• EXERCISE GOAL: Pictures excluded, please retype exactly the lines from the start of the data through the line that contains "從上世紀90年代中期開始至今", both ends kept, and nothing beyond them.

Records from a collection

+ + +

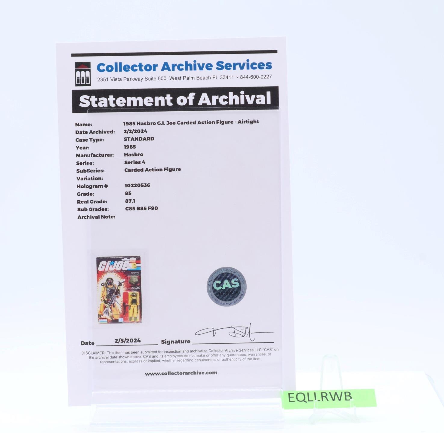 Airtight CAS GRADED 85 85/85/90 GI Joe 34-Back 1985 Hasbro Figure NEW SEALED
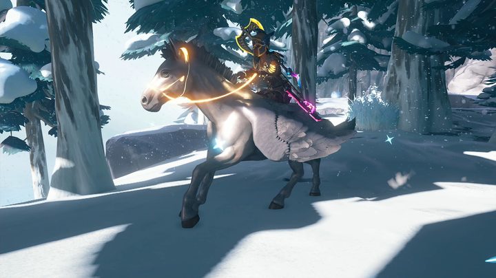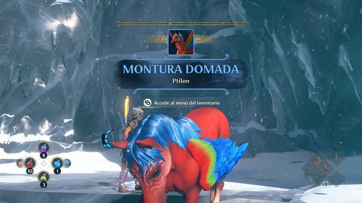 Ptilon es un caballo alado con plumas multicolor y se encuentra en una pequeña planicie congelada en medio de la montaña. Domarlo no es nada complicado a estas alturas y menos todavía si se tiene la habilidad para hacerse invisible; además, no hay enemigos alrededor que molesten o sean una distracción. Pero claro, llegar a esta zona es más factible después de unas cuantas decenas de horas de juego.
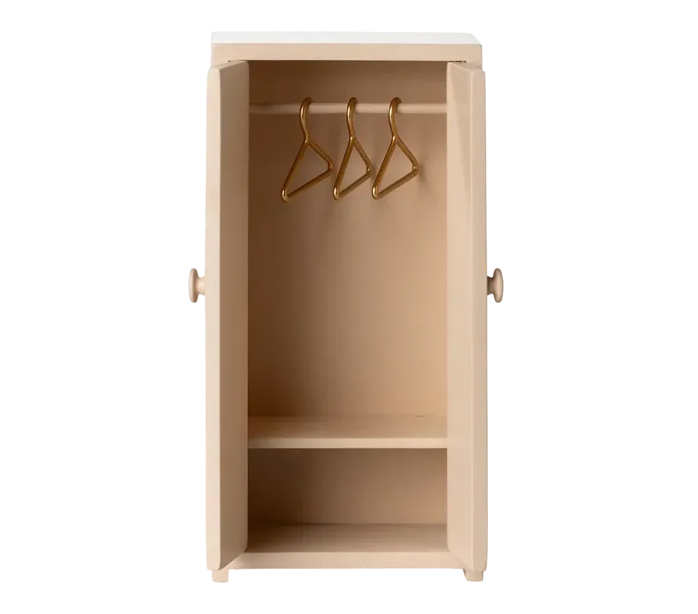 Un adorabile armadio in legno color rosa chiaro per i topini Maileg. Al suo interno ha un ripiano e 3 appendini dorati. Alto 14 cm, largo 7 cm e profondo 4 cm.
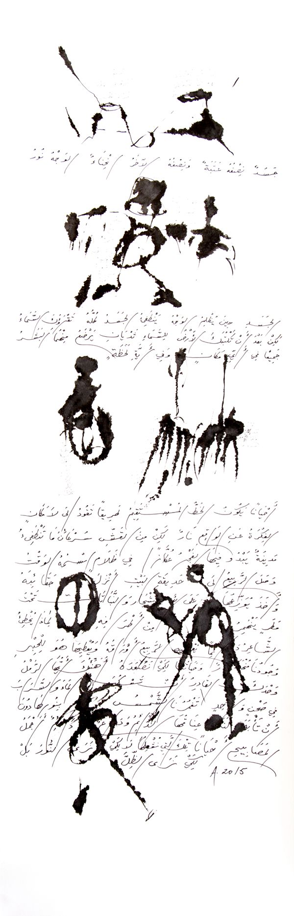 從上世紀90年代中期開始至今,阿多尼斯的視覺藝術是一個由詞與物構成的謙和而高貴的不朽之作。他的早期作品好比約瑟夫·康奈爾(Joseph Cornell)的盒子:是小石頭、小木塊、拾得物和剩餘金屬的容器。阿多尼斯把它們組合在一起,賦予它們形態,不知有意無意,通常是人形,並添上詩歌——他詩歌博物館的一部分。隨着這系列的不斷延伸,表現手法也在改變,他開始用墨水和水粉。他的這種藝術實踐是詩人向我們發出的一個小小宣言,呼籲一種更開放、更含蓄、更微妙、更能持久的詩歌藝術。阿多尼斯的佳作讓人看到,在一個超越文化和時代,超越生命的地方,世界和文字終於完美合一。
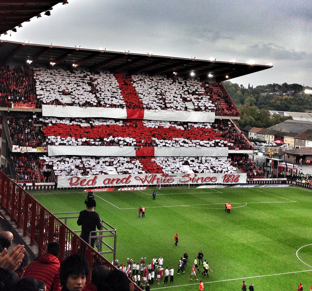 The stadium was rocking and as the teams emerged a huge St. George’s Cross was held up at the far end to welcome us English fans. Nice touch by the fans I thought to say hello. Crank the atmosphere up to eleven – it’s match time!

+ + +

• EXERCISE OUTPUT:
 Airtight CAS GRADED 85 85/85/90 GI Joe 34-Back 1985 Hasbro Figure NEW SEALED
 Ptilon es un caballo alado con plumas multicolor y se encuentra en una pequeña planicie congelada en medio de la montaña. Domarlo no es nada complicado a estas alturas y menos todavía si se tiene la habilidad para hacerse invisible; además, no hay enemigos alrededor que molesten o sean una distracción. Pero claro, llegar a esta zona es más factible después de unas cuantas decenas de horas de juego.
 Un adorabile armadio in legno color rosa chiaro per i topini Maileg. Al suo interno ha un ripiano e 3 appendini dorati. Alto 14 cm, largo 7 cm e profondo 4 cm.
 從上世紀90年代中期開始至今,阿多尼斯的視覺藝術是一個由詞與物構成的謙和而高貴的不朽之作。他的早期作品好比約瑟夫·康奈爾(Joseph Cornell)的盒子:是小石頭、小木塊、拾得物和剩餘金屬的容器。阿多尼斯把它們組合在一起,賦予它們形態,不知有意無意,通常是人形,並添上詩歌——他詩歌博物館的一部分。隨着這系列的不斷延伸,表現手法也在改變,他開始用墨水和水粉。他的這種藝術實踐是詩人向我們發出的一個小小宣言,呼籲一種更開放、更含蓄、更微妙、更能持久的詩歌藝術。阿多尼斯的佳作讓人看到,在一個超越文化和時代,超越生命的地方,世界和文字終於完美合一。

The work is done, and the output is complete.